You could make the case that she really did not violate their ToS at
all..and yet WePay (perhaps under pressure from Vantiv or maybe OCP)
simply decided they had to pull the trigger and nuke Eden's account for
"consistency's sake".
The fact that WePay is induced (by their
contracts with their financial partners, they say) to essentially spy on
their paying customers' personal social media accounts in order to
detect even the smallest excuse for dismissal...errrrrrrr, the slightest
indication of "fraud and abuse", does not induce much comfort for those
who care about privacy or free expression, either.
More likely,
it looks like WePay/Vantiv is engaging in the same old tired bullshit
act of slut shaming, sex shaming, and porn shaming that other financial
institutions like PayPal, Amazon, JPMorganChase, and a few others have
mastered. Considering that a major antiporn summit just concluded this
weekend, alongside of a just as major confab of "movement conservatives"
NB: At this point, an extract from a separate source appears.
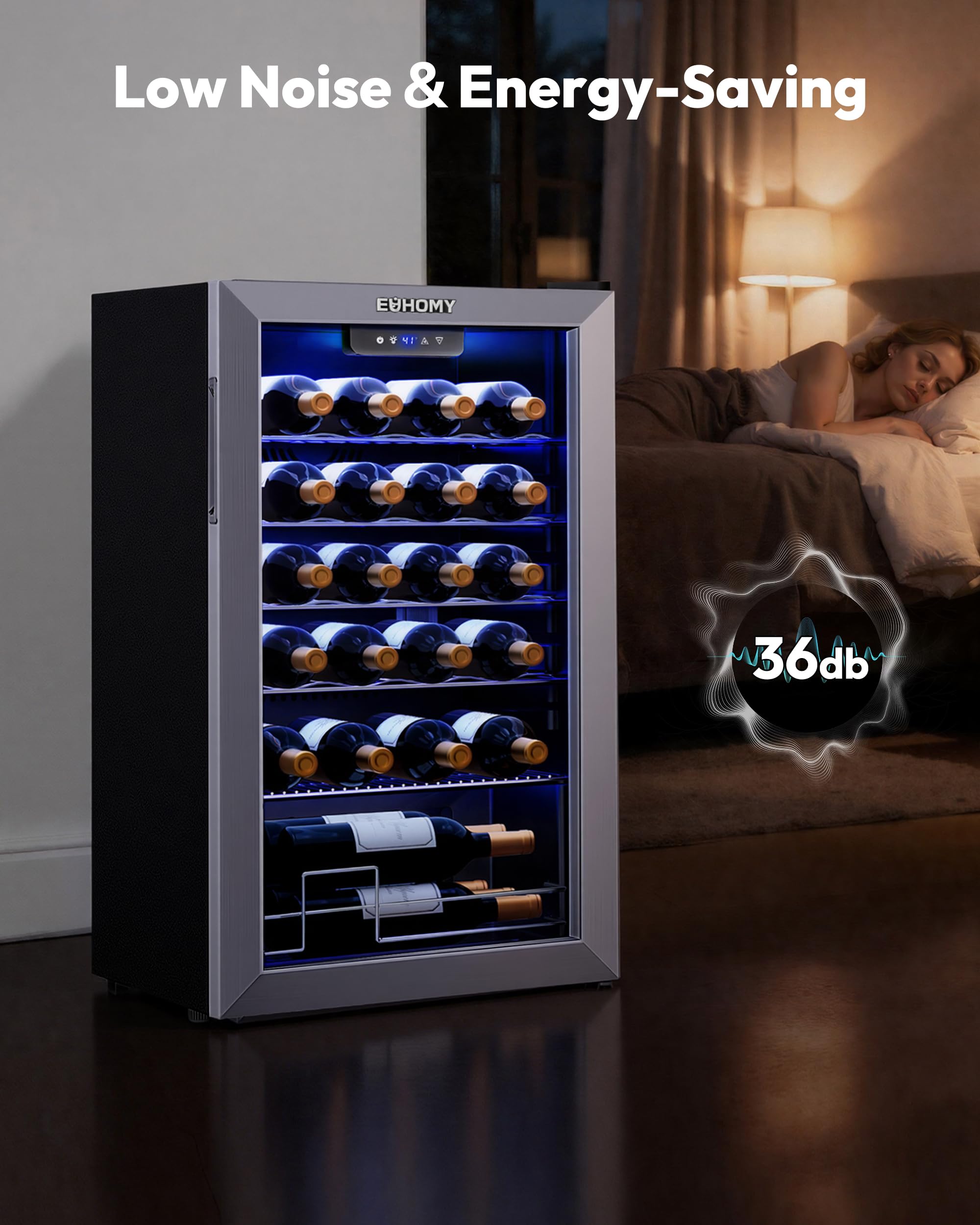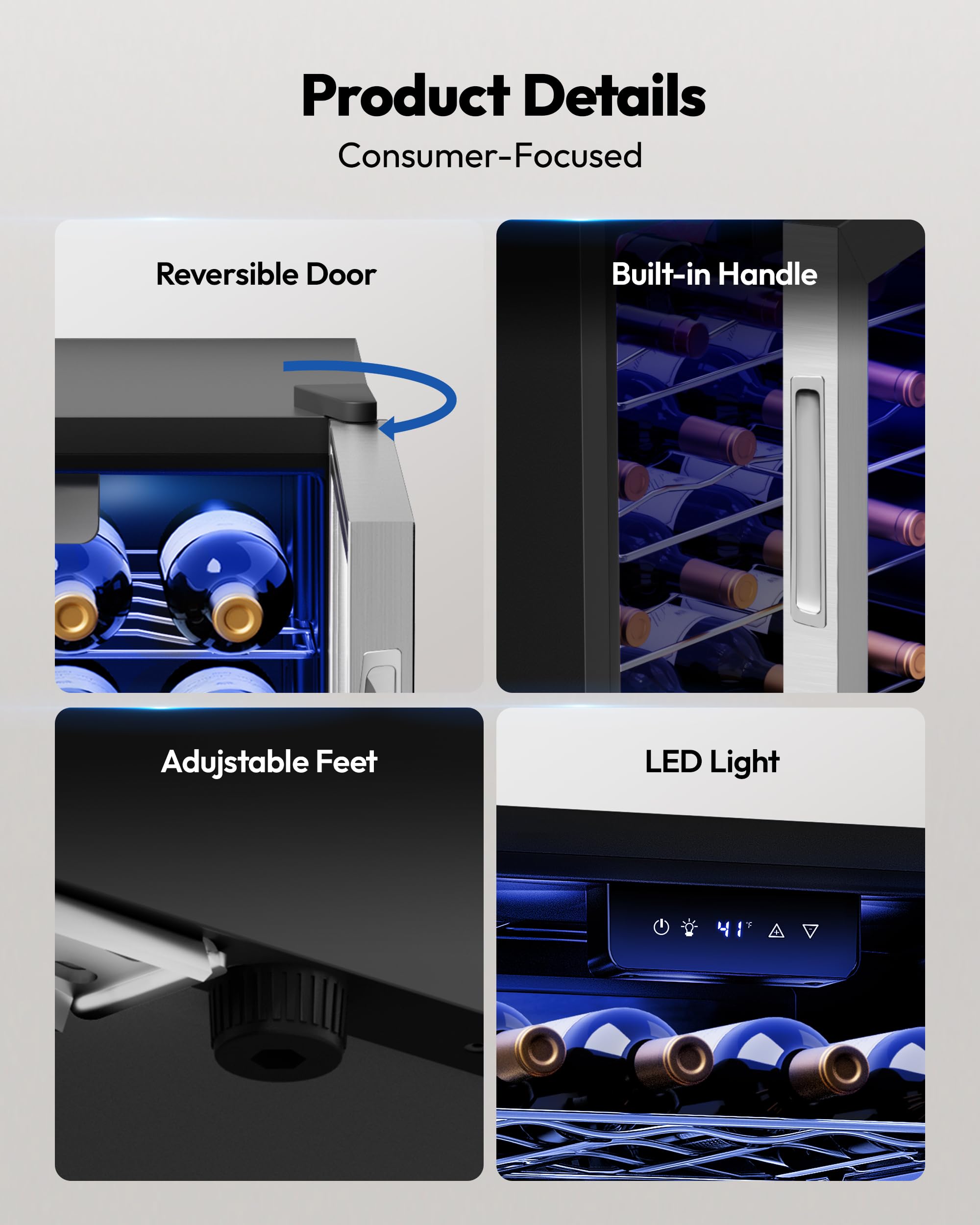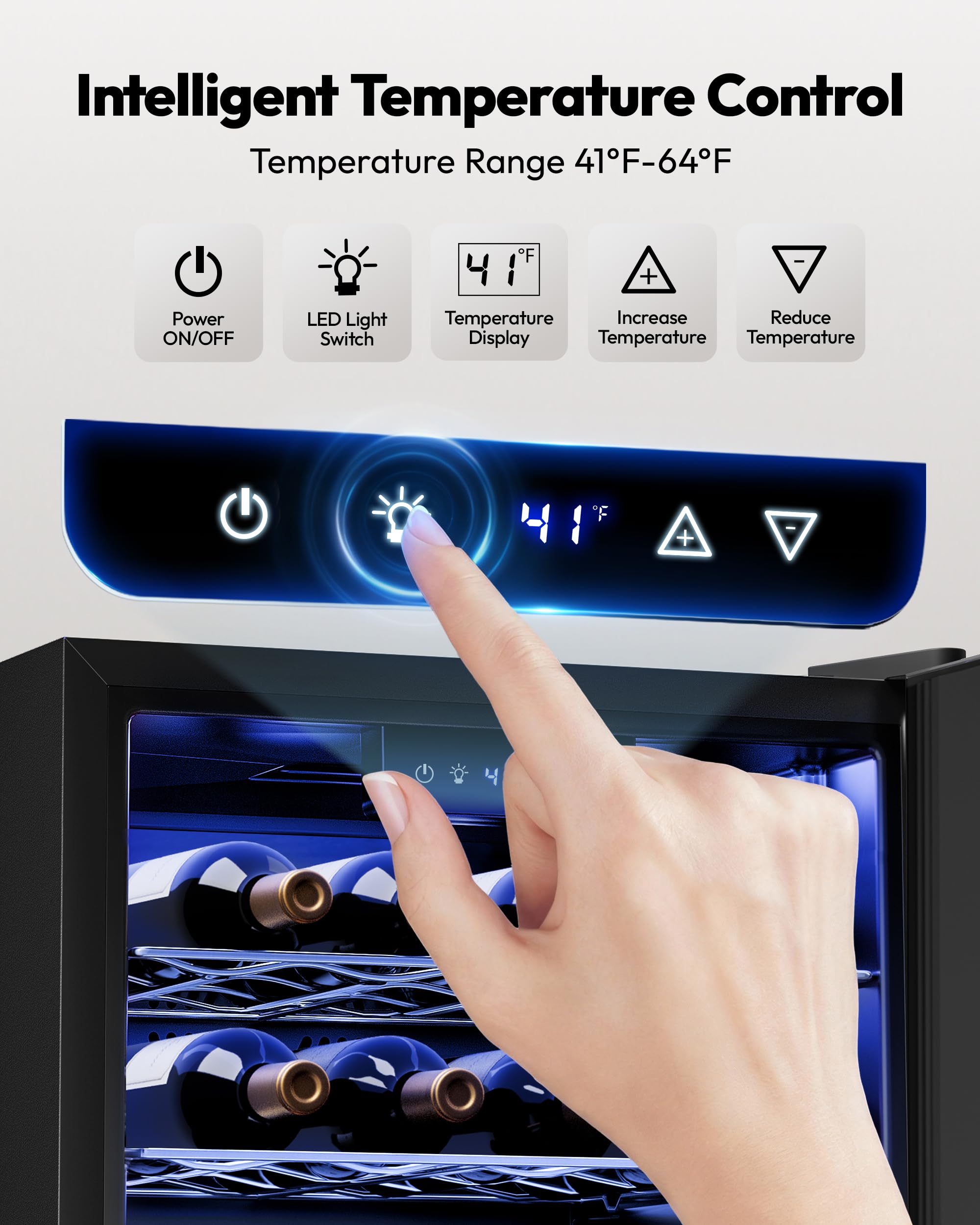 【Powerful Compressor & Precise Temperature Control】This wine fridge is built with a high-performance compressor, engineered for vibration-free quietness and consistent cooling power. This wine cooler offers precise temperature control from 41°F to 64°F, giving you the flexibility to precisely adjust every degree of temperature for all your Reds, Whites, and Champagnes.

bent on imposing similar moral values on the rest of America. Between
that and the ongoing "sex trafficking" panic that is scaring plenty of
liberals into compliance with antisex legislation, that's more than
enough to keep Big Finance and the politicians they buy to keep holding
the line against "those dirty sluts and whores" using "their money" to
"corrupt" fair patriotic American society.
It
may be that Eden Alexander is simply a small victim in this major war
of financial wits. Thankfully, due to the generosity of her fans and
those who actually think that sex workers are as human as everyone else,
she will survive and recover.
WePay, for
its part, has backslid a bit since getting absolutely singed by the
social media firestorm. They did offer to provide Eden a new fundraiser
page, but by then her followers had already moved over to Cloudtilt.
They also promised a review of their ToS and procedures for shutting
down accounts, though they didn't say whether or not they would change
their procedures for reviewing accounts or even their surveillance of
customer's social media accounts.
It should
also be noted that while Cloudtilt's ToS does not mention porn at all;
their own payment processing company, Balanced.com, does have a Sellers
Agreement with their clients that does ban "sexually-oriented or
pornographic products or services". (Raising the question of whether a
company like, say, Lovability Condoms could use their services.)
The
main issue in all this remains that sex workers who practice a legal
profession (and in California and New Hampshire, porn is fully protected
as constitutional free speech) should not face any Scarlet Letters when
they attempt to raise funds for whatever reason they choose for legal
purposes....and especially NOT for the purpose of paying their medical
bills. Why they should have to resort to crowdfunding for essential
healthcare in one of the richest countries in the world is an issue in
and of itself....but that's another issue to tackle.
It all comes back to the basic ideas:
Sex workers and porn performers/cam girls
are human beings; "sluts" are people, too; and if you exchange money
for sex in any way, then you might be as much a "whore" as an actual sex
worker....they just only are open and out and honest about it.